3. UPDATES AND NEW PROJECT INITIATIVES

(a) APHASIA FRIENDLY BUSINESS CAMPAIGN AT THE UNIVERSITY OF WINDSOR

This summer saw the beginning of the Aphasia Friendly Business campaign at the University of Windsor. The goal of this campaign is to improve accessibility to business services for people with aphasia by providing education and resources for local businesses. This work has been recognized through awards and prizes from the University of Windsor and the Royal Bank of Canada (RBC). They are working towards a formal partnership with the Government of Ontario and the Ontario Association of Hotels, Motels, and Restaurants. They are poised to go beyond Windsor, and will be looking for interested trainees from across the Words in the World network.

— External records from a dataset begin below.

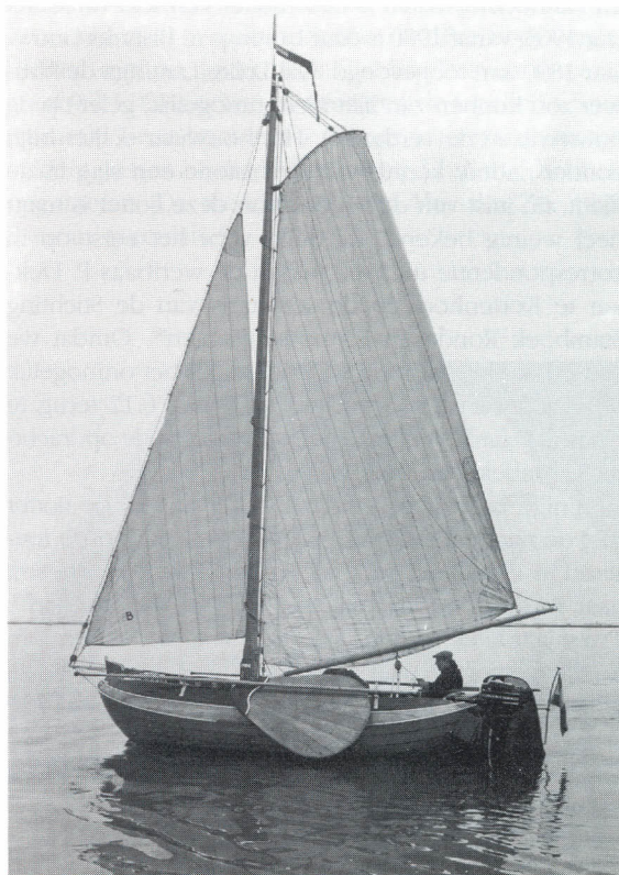
Onder zeil.
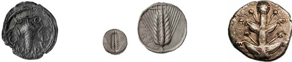
MONEDAS DE NAXOS con una vid, METAPONTO con una espiga y CIRENE con la planta del silphium.

facetas económicas más destacadas de cada polis. En ocasiones gracias a las monedas hemos podido conocer el tipo de uva cultivado en ciertas regiones o incluso la imagen de especies vegetales que hoy día están extintas, es el caso del silphium , una planta que abundaba en el norte de África y que sus propiedades medicinales le hacían un elemento muy demandado sobre todo por las tropas en las campañas militares.
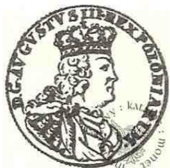
Tymf Augusta III Sasa – awers monety
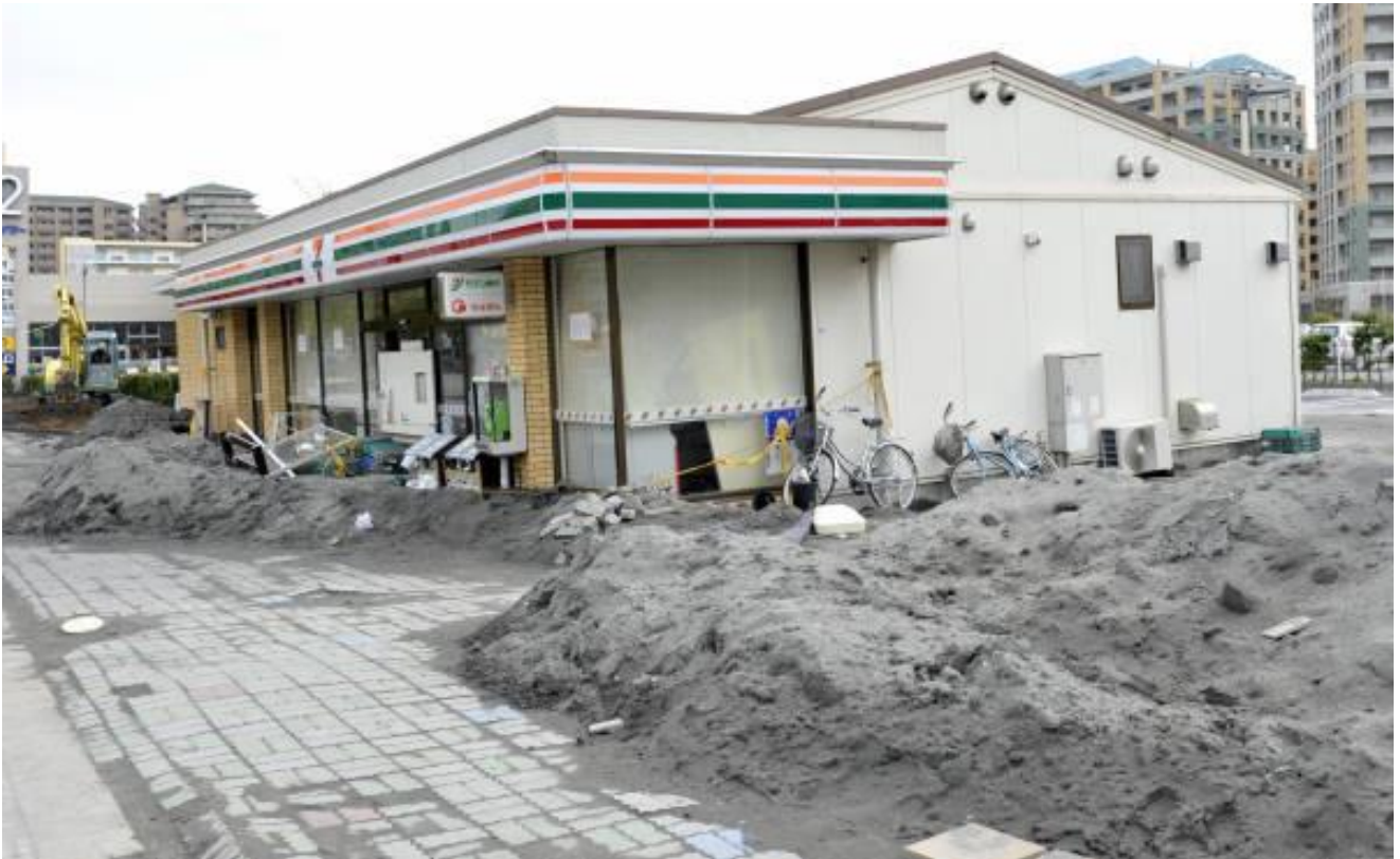
液状化現象で傾いたコンビニエンスストア（千葉県浦安市明海）
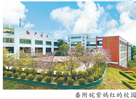
番附蜿蜒嫣红的校园
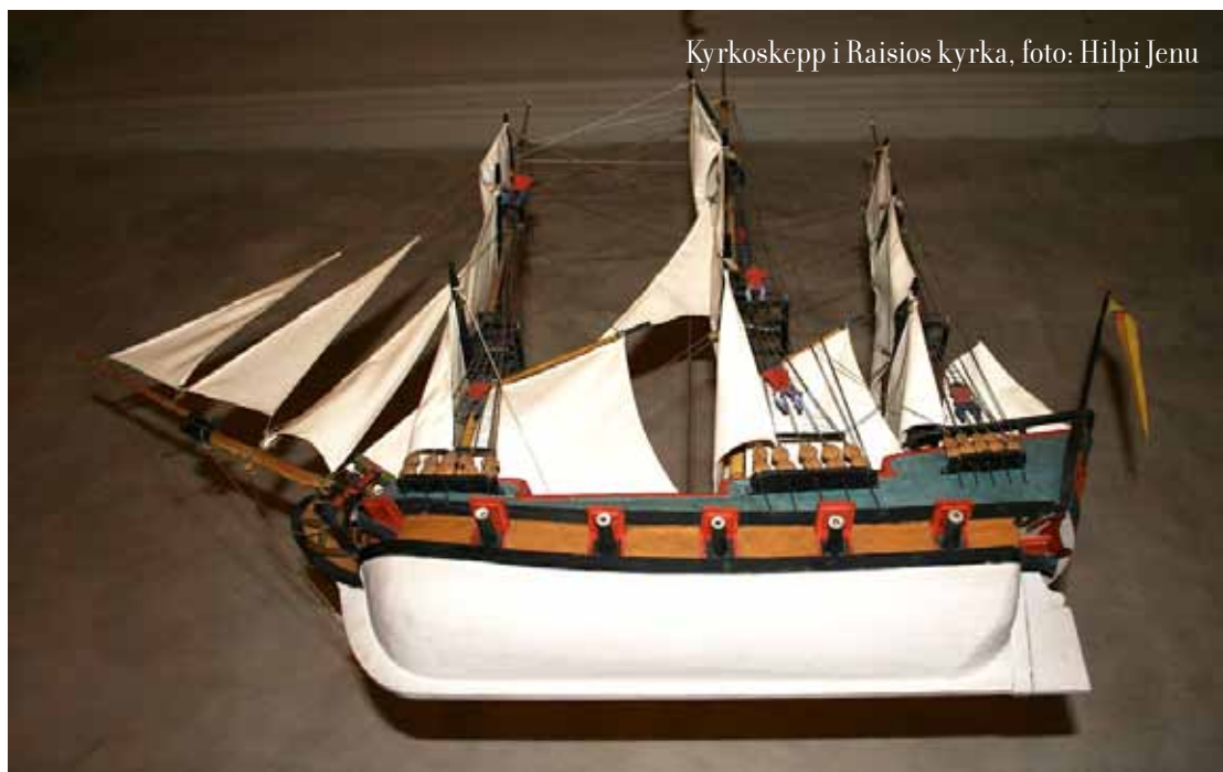
Kyrkoskepp i Raisios kyrka
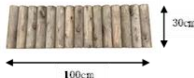
丸太花壇ブロック H30cm×W100cm
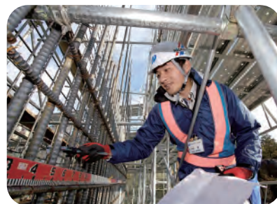
設計図どおりに鉄筋が組み立てられているかを確認する鉄筋検査を行う

道路の建設や拡幅、改良工事の際、工事現場で監督や測量などを行うほか、百花台公園の整備なども行っています。将来は道路の建設や大規模な改良工事を担当し、地域の活性化に貢献したいです
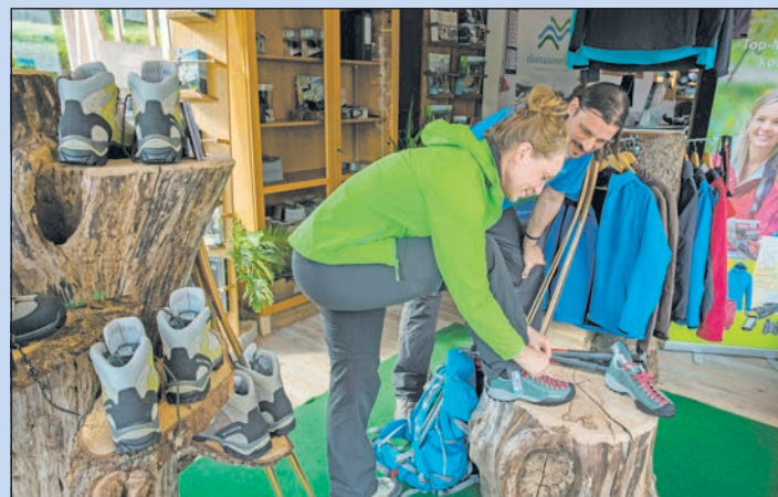
Vaude-Rucksäcke und weiteres hochwertiges Wanderequipment kann in den Best of Wandern-Testcentern im Dachstein Salzkammergut (o.), Donauebergland (li.) und im Naturpark Ammergauer Alpen kostenfrei für einen Tag ausgeliehen werden (alle Testcenter siehe Karte).
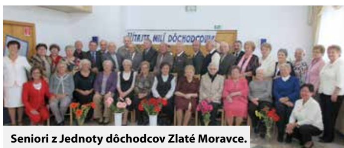
Seniori z Jednoty dôchodcov Zlaté Moravce.
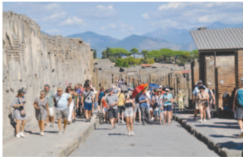
Turisták az ókori város utcáján

A főbejárat a Porta Marinán, a tengeri kapun keresztül, egy hosszú
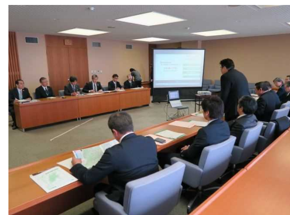
平成29年1月24日（火） 長野県観光機構 ○台湾からの訪日教育旅行について調査

(b) UPDATE FROM DR. EVA KEHAYIA, Scientific Director of the Centre for Interdisciplinary Research in Rehabilitation (CRIR) and Associate Professor at McGill University

In May 2016, a meeting with Mr. Richard Nolin, Vice-President Operations at COMINAR (a Words in the World partner), not only confirmed their continuing partnership with the grant, but also extended an invitation to explore similar partnerships and training possibilities across Quebec.

In July, a meeting with current Words in the World partner Aude Porcedda, of the Musée de Civilization de Québec, also opened discussions with Director Nathalie Bondil, Director of the Montreal Museum of Fine Arts (MMFA), as well as other members of the MMFA who have expressed interest in collaborating on the project.

These collaborations open exciting opportunities for McGill and Université de Montréal trainees, as well as other trainees within the Words in the World network, who can explore new avenues for psycholinguistic research in real life contexts.